To elaborate, here’s an example:

{
	"namespace 1": [
		{
			"_id": "key 1",
			"property 1": "value",
			"property 2": {
				"property 3": "value",
				"property 4": [ "value", "value", "value" ]
			}, ...
		},
		{
			"_id": "key 2",
			"property5": {
				"property3": "value",
				"property7": { "question": "6x9", "answer": 42, "list": [ 3, 5 ] }
			}, ...		
		}, ...
	]
}
  • No schema, the model is totally flexible. Any property can be added to any object any time.
  • Any property can be indexed, at any depth (for example, “property3” could be indexed).
  • A wide range of operations can be performed.
  • Collections can be capped to a fixed number of bytes or elements.
  • Will be distributed and fault-tolerant through a proxy, but this one is still in early stage.
  • Write operations lock the whole database. Efficiently uses multiple cores.
  • Written in C++ but currently runs on a limited number of operating systems.
  • Uses its own protocol, but basic REST proxies do exist (in Python and NodeJS).

Riak

{
	"bucket 1": {
		"key 1": document + content-type,
		"key 2": document + content-type,
		"link to another object 1": URI of other bucket/key,
		"link to another object 2": URI of other bucket/key,		
	},
	"bucket 2": {
		"key 3": document + content-type,
		"key 4": document + content-type,
		"key 5": document + content-type
		...
	}, ...
}
  • Keys are indexed.
  • Range queries are not supported.
  • Retrieving multiple keys in a single query isn’t supported (must use map/reduce).
  • Never locks, even for writes.

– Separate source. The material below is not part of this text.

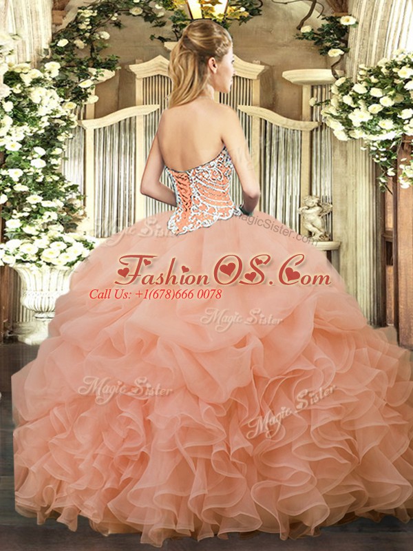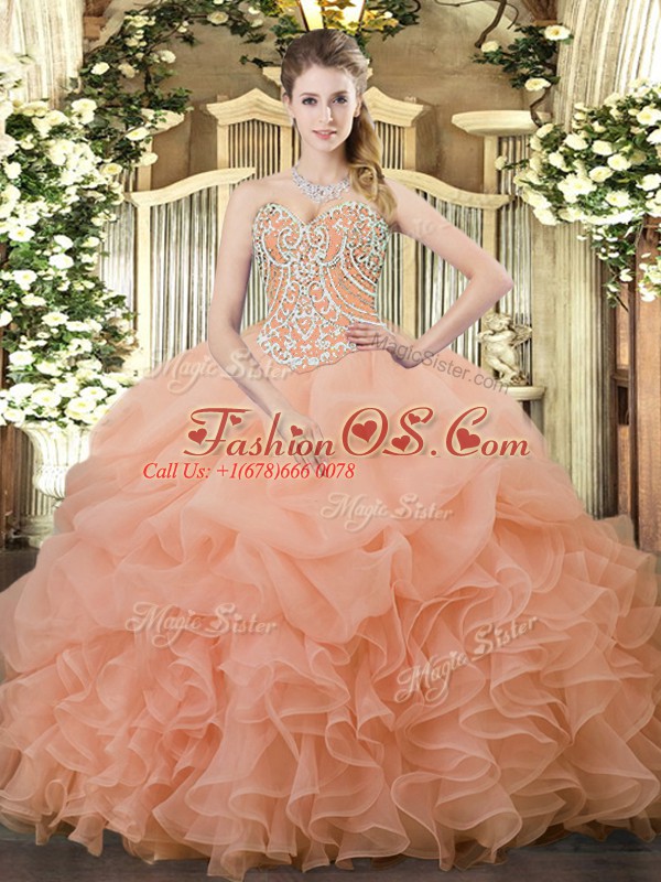 Pretty Peach Sleeveless Floor Length Beading and Ruffles and Pick Ups Lace Up Quinceanera Gowns

Efficiently uses multiple cores.
  • Distributed and fault tolerant.
  • Records can be traversed through links.
  • Runs on any platform Erlang runs on.
  • REST client interface.

Pincaster

{
	"layer 1": {
		"key 1": {
			{
				"property 1": "value",
				"property 2": "value",
				"property 3": "value", ...
			}
		},
		"key 2": {
			{
				"property 1": "value",
				"property 4": "value",
				"geographic location": "latitude, longitude"
			}
		}, ...
	}, ...
}
  • Keys and geographic locations are indexed.
  • Keys are lexically ordered and prefix matching queries are supported.
  • Efficient storage of a lot of small entries.
  • Support for expiration times on stored keys.
  • High throughput with a single host.
  • Writes can block reads, but efficiently uses multiple cores.
  • Written in portable C, works on most operating systems.
  • No distribution nor fault tolerance.
  • REST client interface.

Redis

{
	database number: {
		"key 1": "value",
		"key 2": [ "value", "value", "value" ],
		"key 3": [
			{ "value": "value", "score": score },
			{ "value": "value", "score": score },
			...			
		],
		"key 4": {
			"property 1": "value",
			"property 2": "value",
			"property 3": "value", ...
		}, ...
	}
}
  • A database can mix different types of keys.
  • Keys and scores are indexed.
  • Efficient storage of a lot of small entries.
  • High throughput with a single host.
  • Support for expiration times on stored keys.
  • Collections can be lists or hold distinct elements (sets).
  • Rich set of atomic operations.
  • No distribution (but through some client libraries) nor fault tolerance.
  • Only takes advantage of a single CPU core (but you can run multiple instances on the same host)
  • Written in portable C. Runs on most operating systems.
  • Uses its own protocol.

Elliptics Network

KumoFS ——– Flare ——-

{
	"key 1": "value",
	"key 2": "value",
	...
}
  • No range queries.
  • Keys are indexed.
  • Efficient storage of a lot of small entries.
  • KumoFS supports the CAS operation.
  • High throughput with a single host.
  • Uses Tokyo Cabinet for on-disk storage. Writes can block reads.
  • Distributed and fault tolerant.
  • Written in portable C and C++, works on most operating systems.
  • Memcache (KumoFS, Flare) or REST (Elliptics Network) client interface.